Tom's full brother and sister had left, they didn't want to wait around to see the aftermath of his death on this family, they couldn't stay around us, they said that I reminded them of him too much, and I agree. I can't look into a mirror without my heart snapping into two. Looking at myself was like a harsh reality check on the fact that my big brother was gone. The mirror that was once propped against the wall behind the door in my room had long been thrown down the stairs by me during one of my worst breakdowns, leading to Jack having to dodge it as he tried to run up the stairs to my aid. Though I was sure it never touched him because of his mentally quick reaction times, he had suffered a relatively sized bruise and a small cut which had now turned into the greeny blue colour it turned before fading. It also resulted in him cleaning up the dangerous mess as no one in my family had to motivation to.

Jack had been doing a lot for my family lately. Tay of course did little things here and there, but it was Jack who helped with the bulk of things. He had realised what was happening to us as a family and I could tell he was trying this best to keep us together, coming in frequently to clean dishes that would otherwise be left on the side for weeks, and dusting and vacuuming and just generally keeping our living conditions hygienic. I caught him the other night scrubbing at the tiles in the bathroom, at about 4 in the morning. I had no idea why he'd decided to creep in so late, but that didn't matter because he was choosing to help and we were obviously extremely grateful. He wasn't appreciated by us enough.

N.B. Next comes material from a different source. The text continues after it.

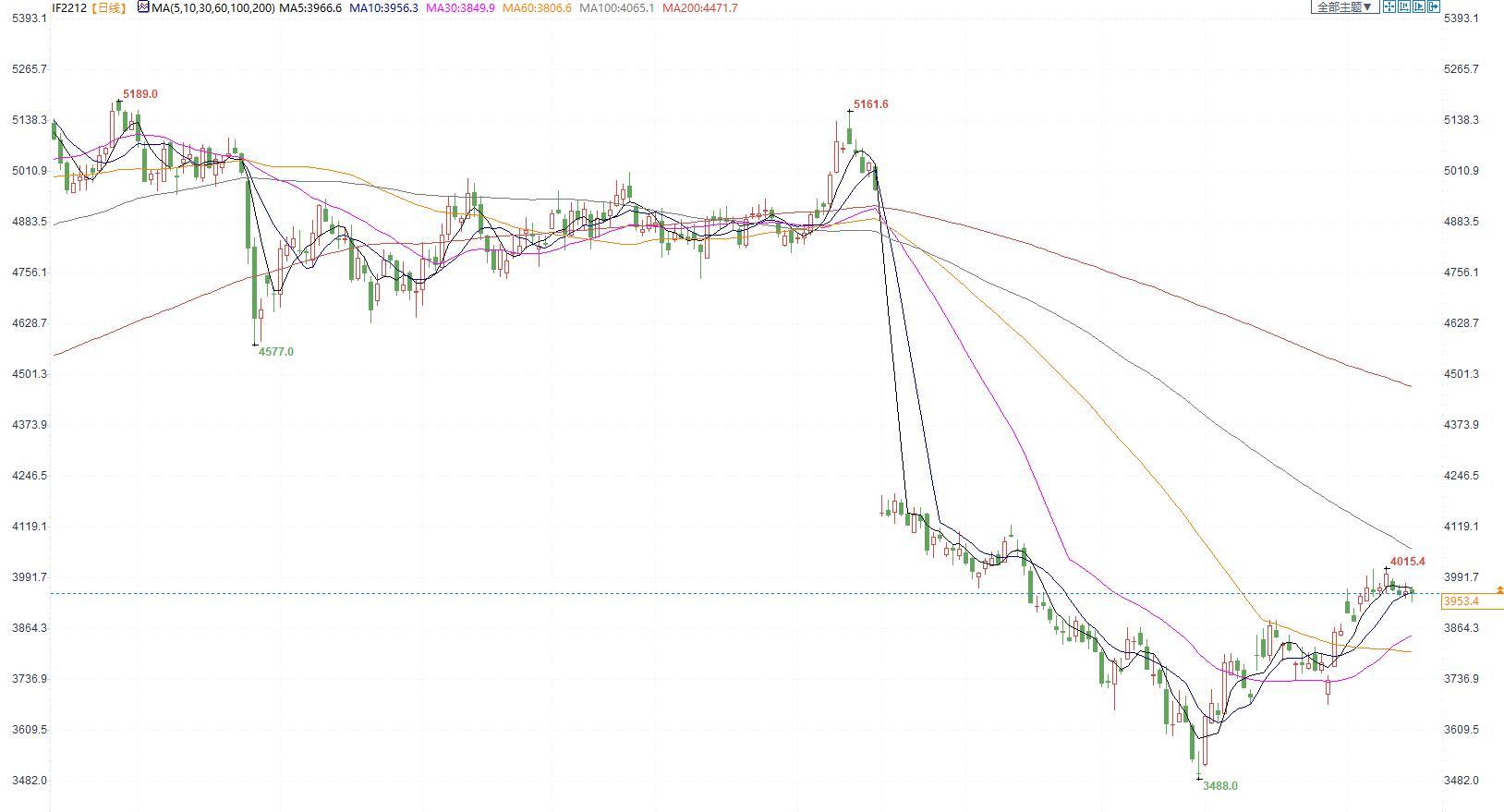 【今日涨跌】四大期指涨跌互现。IH2212收盘价为2676.2,收跌0.45%;IF2212收盘价为3953.4,收跌0.09%;IC2212收盘价为6100.0,收跌0.02%;IM2212收盘价为6600.6,收涨0.54%。

I decided to quickly call said person. I didn't need to be a long call; I just needed to hear his voice. It usually calmed me; he was the one I always turned to in mad hours of the day because for some reason he always seemed to be awake. I guess that explained the eye bags that had become a permanent feature on his face, and the stupid clumsiness he suffered from that caused him to injure himself pretty badly all the time.